WHAT YOU SHOULD DO: Output the listing exactly as written, apart from its pictures.

DATA EXTRACT:
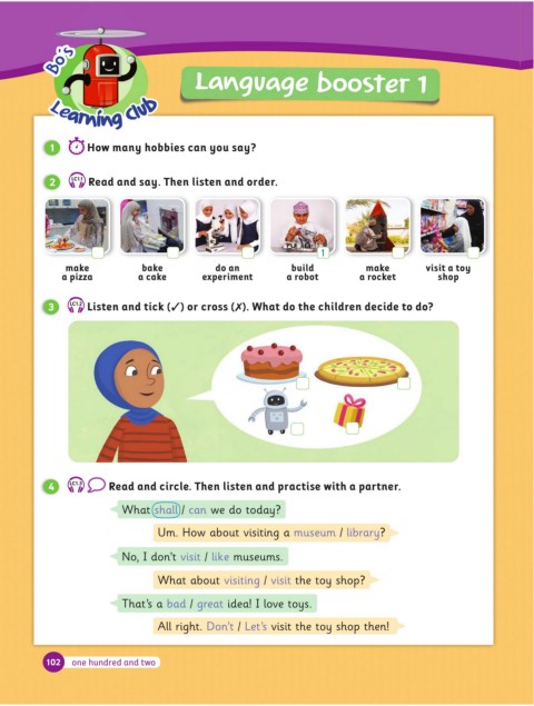 4 LC1.3 Read and circle. Then listen and practise with a partner.
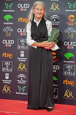 In 2020, at the age of 84, she won the Goya Award for Best New Actress.[9] She was the oldest actress to win the film award in this category,[10] being the second oldest in the categories of female performers only surpassed by Julieta Serrano, who won her first Goya award at the age of 87 in the same edition.[11]
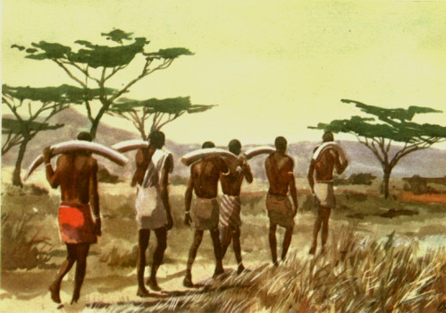 Eingeborene beim Transport von Elfenbein "Weißes Gold" nennt man das Elfenbein auch das hier von den ängstlich davonschleichende Negern an uns vorbeigetragen wurde. Sie fühlten sich bei einer verbotenen Handlung ertappt, denn der Elefant darf in Afrika nicht mehr frei erlegt werden. Woher hatten diese Burschen wohl die großen Eiefantenzähne? Ein einzelner Zahn wiegt bis zu 40 kg. Daher trug jeder Neger auch nur eines dieser kostbaren Stücke. In Deutschland schnitzt man daraus die herrlichsten Kunstgegenstände. Die Stadt Erbach im Odenwald beherbergt eine der schönsten und reichsten Sammlungen geschnitzter Elfenbeinkunstwerke. Heute noch ist hier die Elfenbeinschnitzkunst zu Hause. |

THE COMPLETED TASK:
 4 LC1.3 Read and circle. Then listen and practise with a partner.
 In 2020, at the age of 84, she won the Goya Award for Best New Actress.[9] She was the oldest actress to win the film award in this category,[10] being the second oldest in the categories of female performers only surpassed by Julieta Serrano, who won her first Goya award at the age of 87 in the same edition.[11]
 Eingeborene beim Transport von Elfenbein "Weißes Gold" nennt man das Elfenbein auch das hier von den ängstlich davonschleichende Negern an uns vorbeigetragen wurde. Sie fühlten sich bei einer verbotenen Handlung ertappt, denn der Elefant darf in Afrika nicht mehr frei erlegt werden. Woher hatten diese Burschen wohl die großen Eiefantenzähne? Ein einzelner Zahn wiegt bis zu 40 kg. Daher trug jeder Neger auch nur eines dieser kostbaren Stücke. In Deutschland schnitzt man daraus die herrlichsten Kunstgegenstände. Die Stadt Erbach im Odenwald beherbergt eine der schönsten und reichsten Sammlungen geschnitzter Elfenbeinkunstwerke. Heute noch ist hier die Elfenbeinschnitzkunst zu Hause. |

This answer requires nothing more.